Please check/share the entire portion of engine.log, from where it starts to try to ssh til it gives up.
 
2020-01-26 17:26:50,205Z ERROR [org.ovirt.engine.api.restapi.resource.AbstractBackendResource] (default task-1) [] Operation Failed: [Cannot add Host. Connecting to host via SSH has failed, verify that the host is reachable (IP address, routable address etc.) You may refer to the engine.log file for further details.]

The funny thing is that the engine can indeed ssh to bric-ovirt-1 (physical host). See below

[root@bric-ovirt-1 ovirt-hosted-engine-setup]# cat /etc/hosts
192.168.1.52 bric-ovirt-engine.corp.modmed.com # temporary entry added by hosted-engine-setup for the bootstrap VM
127.0.0.1   localhost localhost.localdomain localhost4 localhost4.localdomain4
#::1         localhost localhost.localdomain localhost6 localhost6.localdomain6
10.130.0.50 bric-ovirt-engine bric-ovirt-engine.corp.modmed.com
10.130.0.51 bric-ovirt-1 bric-ovirt-1.corp.modmed.com
10.130.0.52 bric-ovirt-2 bric-ovirt-2.corp.modmed.com
10.130.0.53 bric-ovirt-3 bric-ovirt-3.corp.modmed.com
192.168.0.1 bric-ovirt-1gluster bric-ovirt-1gluster.corp.modmed.com
192.168.0.2 bric-ovirt-2gluster bric-ovirt-2gluster.corp.modmed.com
192.168.0.3 bric-ovirt-3gluster bric-ovirt-3gluster.corp.modmed.com
[root@bric-ovirt-1 ovirt-hosted-engine-setup]#

[root@bric-ovirt-1 ~]# ssh 192.168.1.52
Last login: Sun Jan 26 17:55:20 2020 from 192.168.1.1
[root@bric-ovirt-engine ~]#
[root@bric-ovirt-engine ~]#
[root@bric-ovirt-engine ~]# ssh bric-ovirt-1
Password:
Password:
Last failed login: Sun Jan 26 18:17:16 UTC 2020 from 192.168.1.52 on ssh:notty
There was 1 failed login attempt since the last successful login.
Last login: Sun Jan 26 18:16:46 2020
###################################################################
# UNAUTHORIZED ACCESS TO THIS SYSTEM IS PROHIBITED                #
#                                                                 #
# This system is the property of Modernizing Medicine, Inc.       #
# It is for authorized Company business purposes only.            #
# All connections are monitored and recorded.                     #
# Disconnect IMMEDIATELY if you are not an authorized user!       #
###################################################################
[root@bric-ovirt-1 ~]#
[root@bric-ovirt-1 ~]#
[root@bric-ovirt-1 ~]# exit
logout
Connection to bric-ovirt-1 closed.
[root@bric-ovirt-engine ~]#
[root@bric-ovirt-engine ~]#
[root@bric-ovirt-engine ~]# ssh bric-ovirt-1.corp.modmed.com
Password:
Last login: Sun Jan 26 18:17:22 2020 from 192.168.1.52
###################################################################
# UNAUTHORIZED ACCESS TO THIS SYSTEM IS PROHIBITED                #
#                                                                 #
# This system is the property of Modernizing Medicine, Inc.       #
# It is for authorized Company business purposes only.            #
# All connections are monitored and recorded.                     #
# Disconnect IMMEDIATELY if you are not an authorized user!       #
###################################################################

Can you please try this, from the engine machine:

ssh root@bric-ovirt-1.corp.modmed.com true

If this outputs the above "PROHIBITED" note, you'll have to configure your
scripts etc. to not output it on non-interactive shells.

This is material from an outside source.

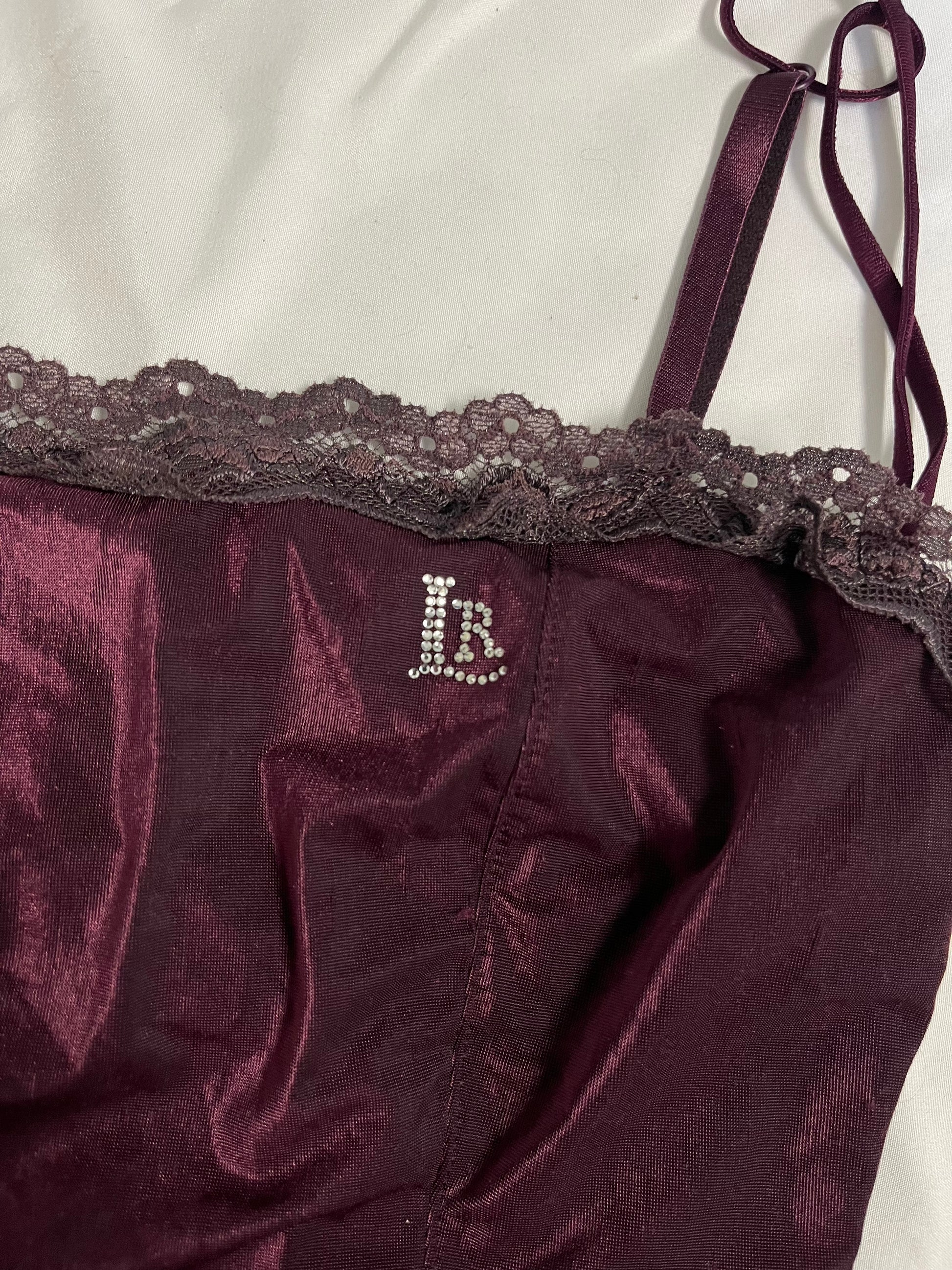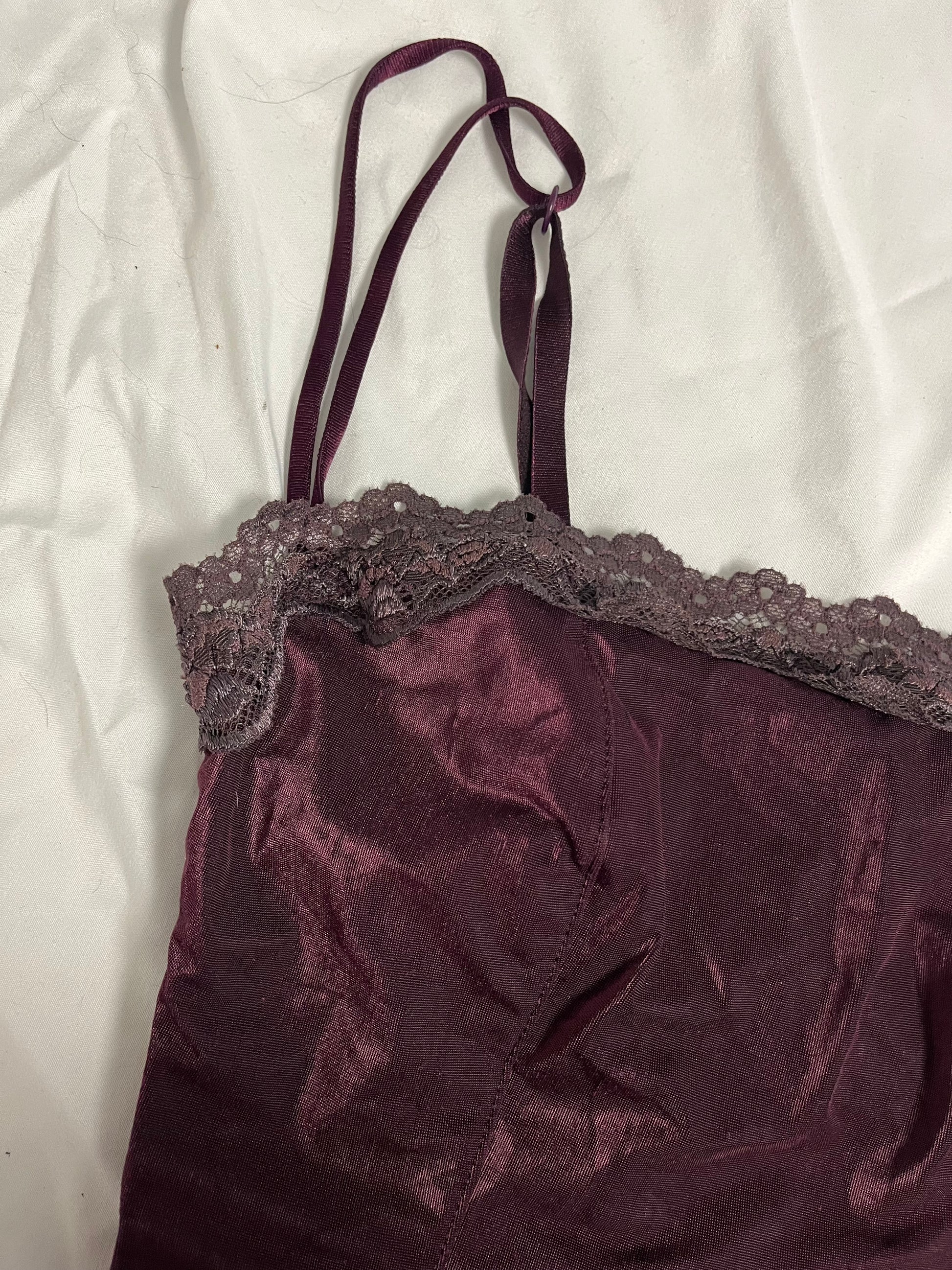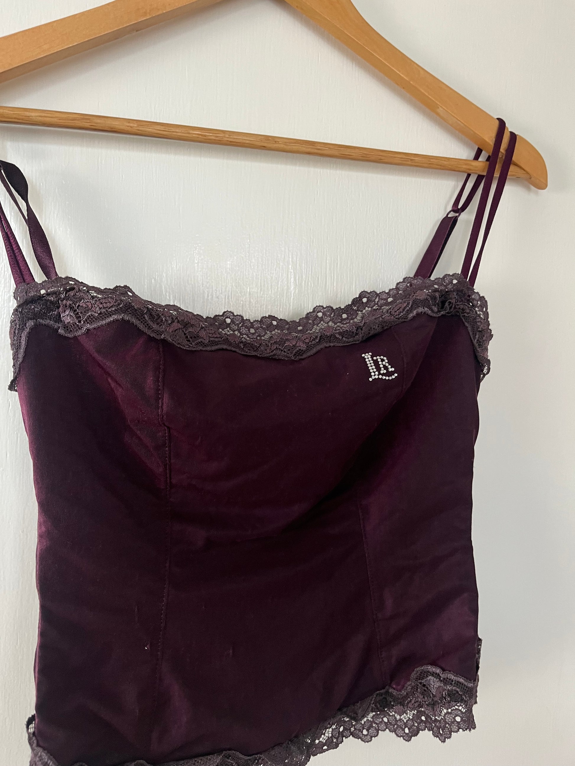 2000s purple cami top! This has a stretchy fit with boning throughout for a structured fit and a satin like feel.

Otherwise, this
confuses the engine - it can't really distinguish between your own output
and the output of the commands it runs there.
 
[root@bric-ovirt-1 ~]# exit
logout
Connection to bric-ovirt-1.corp.modmed.com closed.
[root@bric-ovirt-engine ~]#
[root@bric-ovirt-engine ~]#
[root@bric-ovirt-engine ~]# exit
logout
Connection to 192.168.1.52 closed.
[root@bric-ovirt-1 ~]#

So, what gives? I already disabled all ssh security in the physical host, and whitelisted all potential IPs from the engine using firewalld. Regardless, the engine can ssh to the host as root :-(. Is there maybe another user that's used for the "Wait for the host to be  up" SSH test? Yes, I tried both passwords and certificates.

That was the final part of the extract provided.